Namun lambat laun, kehidupan anak kost seperti hal yang lain, tentu harus beradaptasi. Seperti tidak selalu bisa makan enak. Sebab pulang sekolah tetap harus masak dulu. Entah itu nasi dan lauk atau lauk saja. Itupun kadang lauknya adalah ikan teri, ikan asin. Sudah enak kalau sempat tumis kol.


Seiring berjalan waktu, proses adaptasi mulai terjadi. Lagu-lagu India hingga dangdut, mulai beralih ke genre pop. Kami mulai familiar dengan 'Sephia' SO7, atau 'Kangen' Dewa 19, pun dengan 'Sobat' Padi.
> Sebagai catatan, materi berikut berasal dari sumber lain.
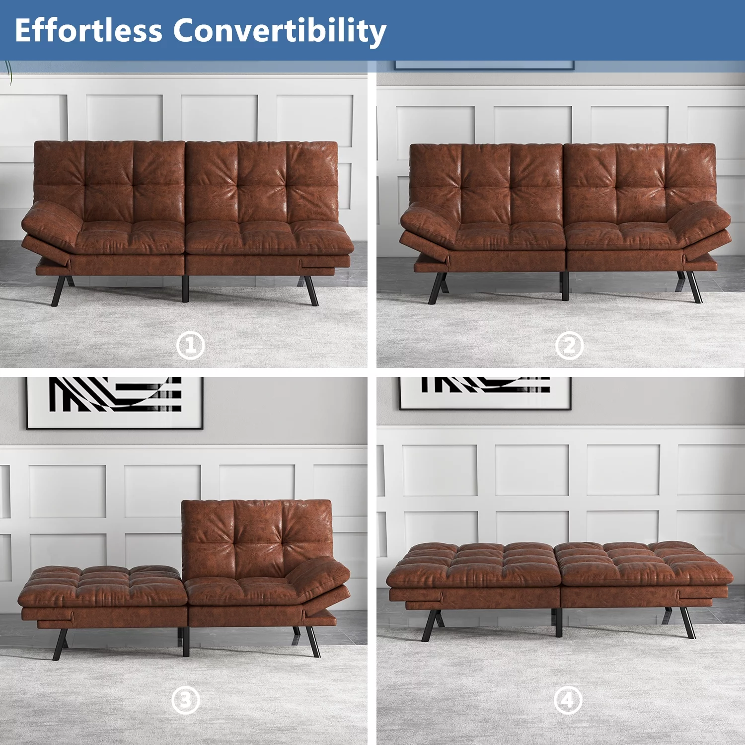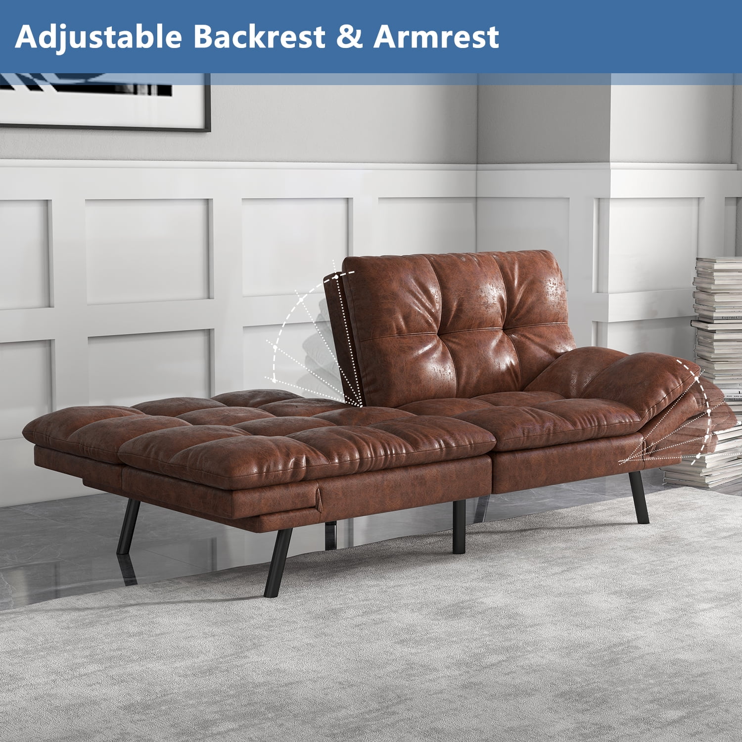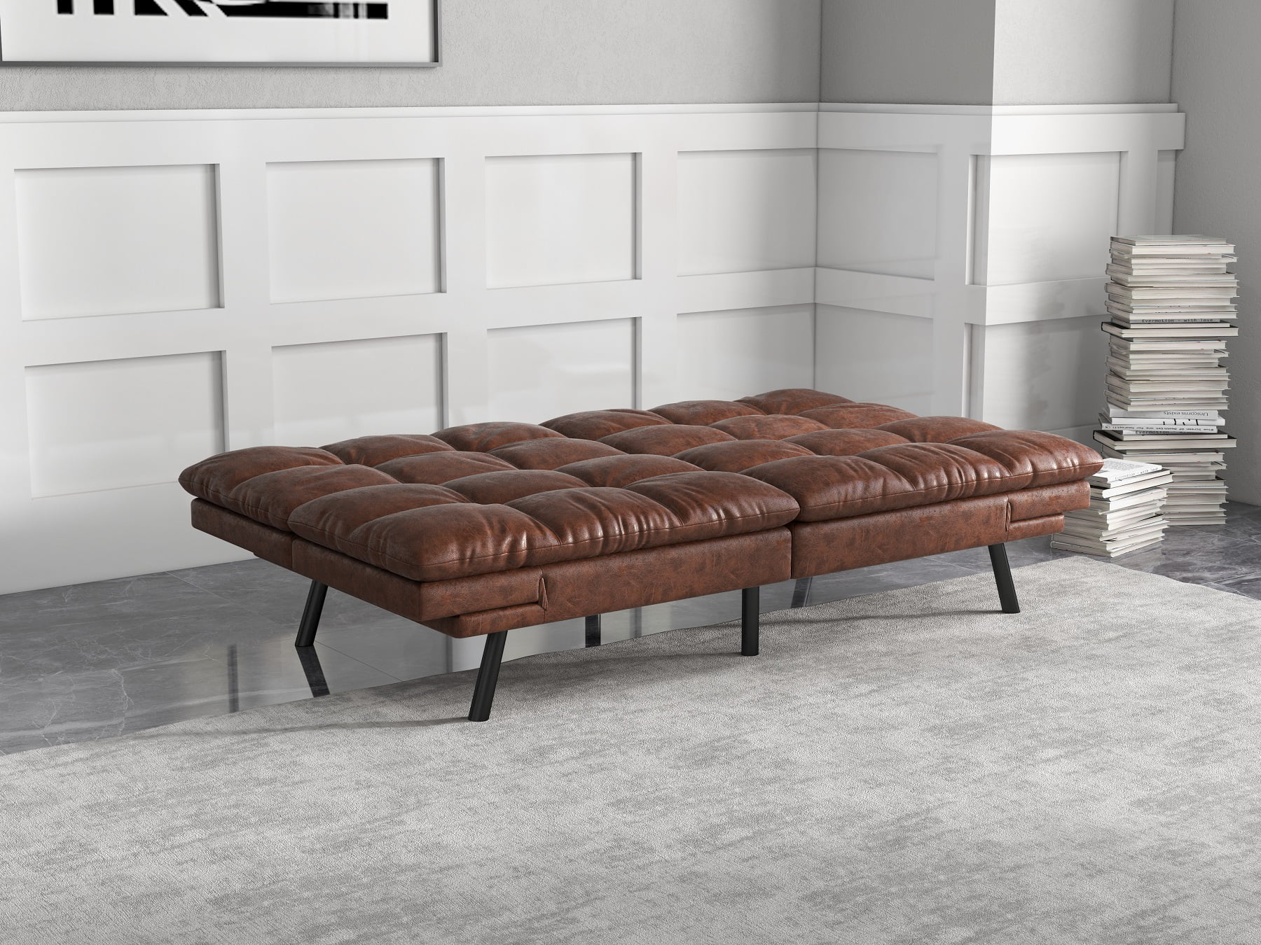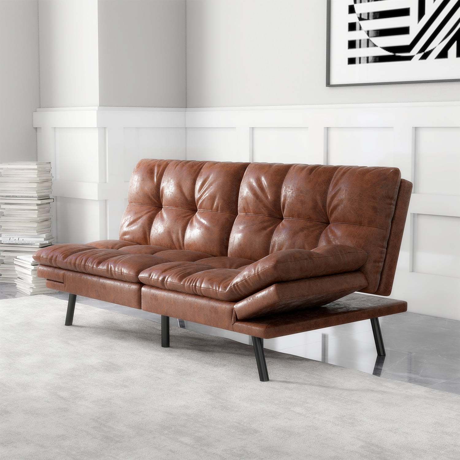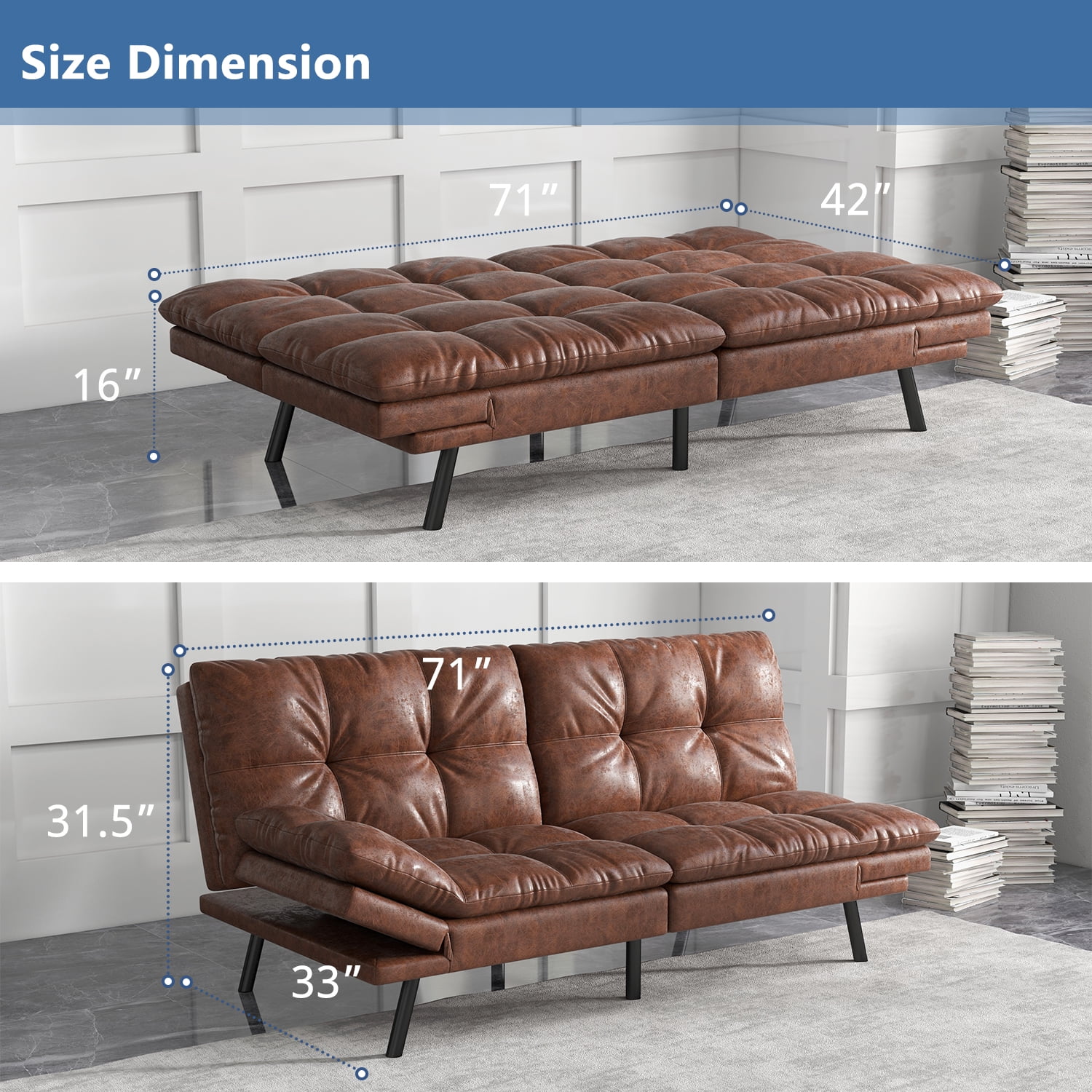 Smiaoer Faux Leather Futon Sofa Convertible Couch Memory Foam Sofa Bed,Brown

Kuch Kuch Hota Hai nya Sharukh Khan dan Kajol, mulai hilang dari pendengaran kami di kost. Erwin tak lagi menyanyikan lagu itu. Ini juga seiring dengan mulai ramainya teman-teman di kampung itu yang bertandang ke kost kami tersebut. Mereka membawa gitar, juga buku lagu-lagu lengkap dengan kunci gitarnya.


Perubahan terjadi juga dari kebiasaan minum air matang. Mungkin Erwin bosan dan capek harus selalu memasak air. Atau dia harus berhemat karena minyak tanah di kompor merek Hot berwarna abu-abu miliknya selalu cepat habis?!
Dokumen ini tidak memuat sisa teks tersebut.